IL Partners Executive Director Lauren was quoted extensively in an article headlined “Lake County mental health providers battling staffing shortages linked to low wages, large caseloads and burnout.”

Lauren was featured alongside coalition partners Janelle Moravek of Youth and Family Counseling and Mark Ishaug of Thresholds

Here are key points Lauren shared.

“State reimbursements are a large source of funding for community mental health services, but reimbursement rates lag behind the consumer price index (CPI), and fail to cover the full cost of service, said Lauren Wright, executive director of Illinois Partners for Human Services.

“There is a structural and systemic inequity piece that connects directly to the way our society, and specifically in our experience the state of Illinois, values these kinds of services,” Wright said.

Illinois pays some of the lowest rates in the country for Medicaid Managed Care reimbursement systems for mental health services, according to a 2021 reimbursement rate study by Illinois Partners for Human Services.

Of the mental health services assessed by the study, 90% would need reimbursement rate increases of between 10% and 20% to align with the 2021 consumer price index.

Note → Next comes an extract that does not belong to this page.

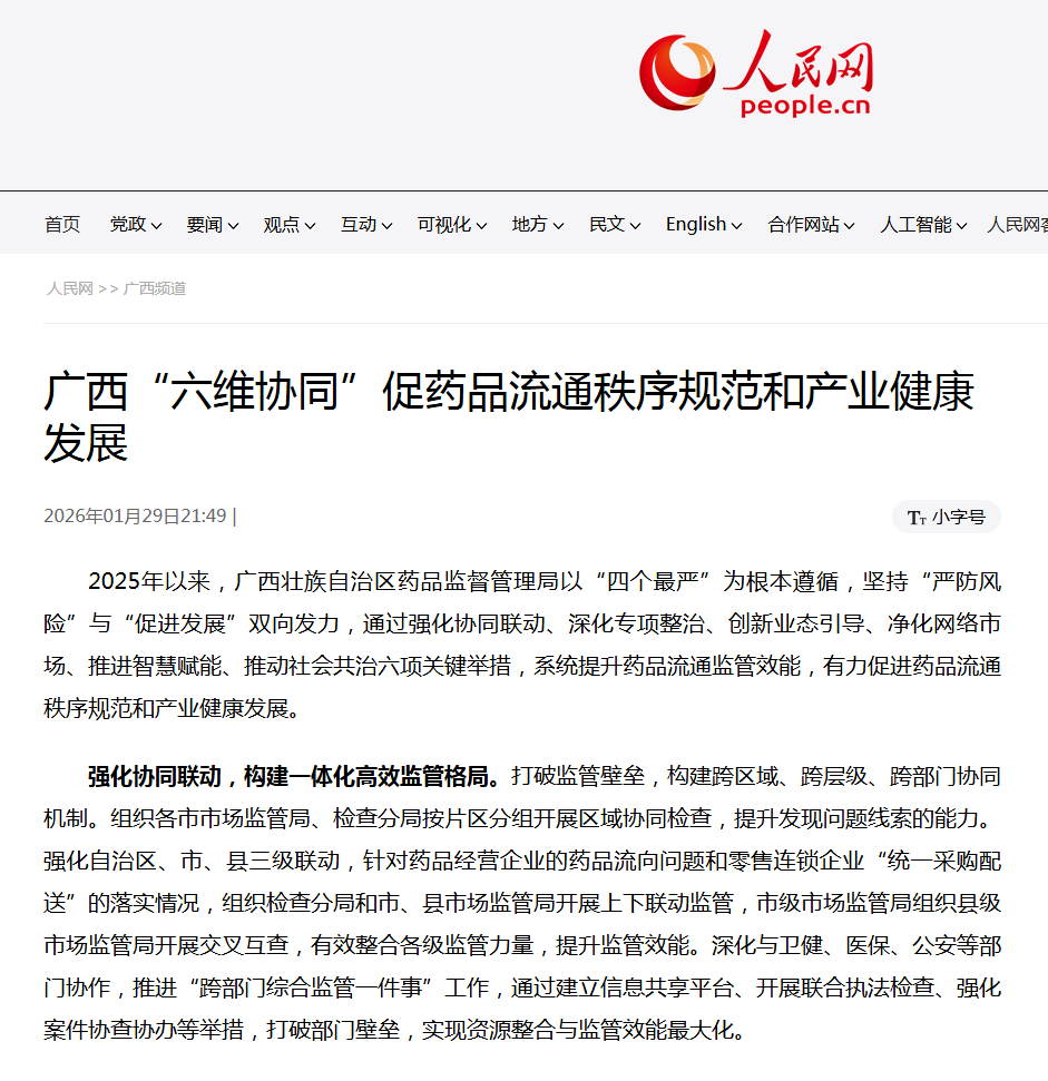 2025年以来,广西壮族自治区药品监督管理局以“四个最严”为根本遵循,坚持“严防风险”与“促进发展”双向发力,通过强化协同联动、深化专项整治、创新业态引导、净化网络市场、推进智慧赋能、推动社会共治六项关键举措,系统提升药品流通监管效能,有力促进药品流通秩序规范和产业健康发展。

“When you think about building a road, which is a public good, the state contracts with some construction company to build the road,” Wright said. “That construction company is not holding a bake sale to cover the remaining cost of what it takes for their workers to build that road. They get a fair contract that the state covers the actual cost of doing those services.

“If the state was valuing (mental health services) in that way, then they would have contracts that actually cover the full cost of delivering those services,” she continued. “This is the perpetual bind that folks are in now.”

Reimbursements from the state rarely cover the full cost of service, Wright said, and are not allowed to cover non-direct service costs, such as transportation, front and back office expenses, administrative costs associated with billing and more.

“Ultimately, in the end, having good wages and having good benefits requires substantial investment and flexibility from the state when it comes to valuing these services with community-based providers,” Wright said.”